The myth of the smoke ring…
The smoke ring does not affect the flavor of the brisket though it is commonly referred to as a sign of properly done barbecue. The smoke ring is caused by the interaction of myoglobin (pink protein) with Nitric Oxide “NO” and Carbon Monoxide “CO” (produced by burning wood to make smoke). The mixture of NO and CO helps the myoglobin retain its pink color. The same color can be achieve using curing salt which contain a combination of nitrites and nitrates that also help the myoglobin retain its pink color.
- Brisket Wobble
The only true way to tell if a brisket it done is the “Wobble”. A properly cooked brisket will wobble once the connective tissue has converted into gelatin. This is more of a visual cue so best to interpret via the video below.
- Resting Holding Brisket
As meat is held after cooking, the moisture redistributes evenly throughout the protein. This also allows the meat to continue to tenderize. The hold can be done by using a hot holding cabinet or even by wrapping the brisket and placing it in a well-insulated cooler.
- Slicing Against the Grain
This is a good rule of thumb when it comes to any protein.
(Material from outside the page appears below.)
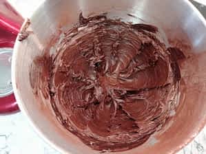 En el tazón de una batidora de pie (o de mano), batir la mantequilla con el azúcar glas, el cacao en polvo, y la sal. Detenerla al menos una vez y raspar los lados del tazón.

Slicing against the grain give you shorter muscle strand which in turn give a more tender mouth feel. You can cook the best brisket in the world then ruin it by slicing in the wrong direction. The best way to do this is to find the grain of the meat and slice perpendicular to that. Do not forget there is technically two muscle structures in a brisket and their grain does not run in the same direction.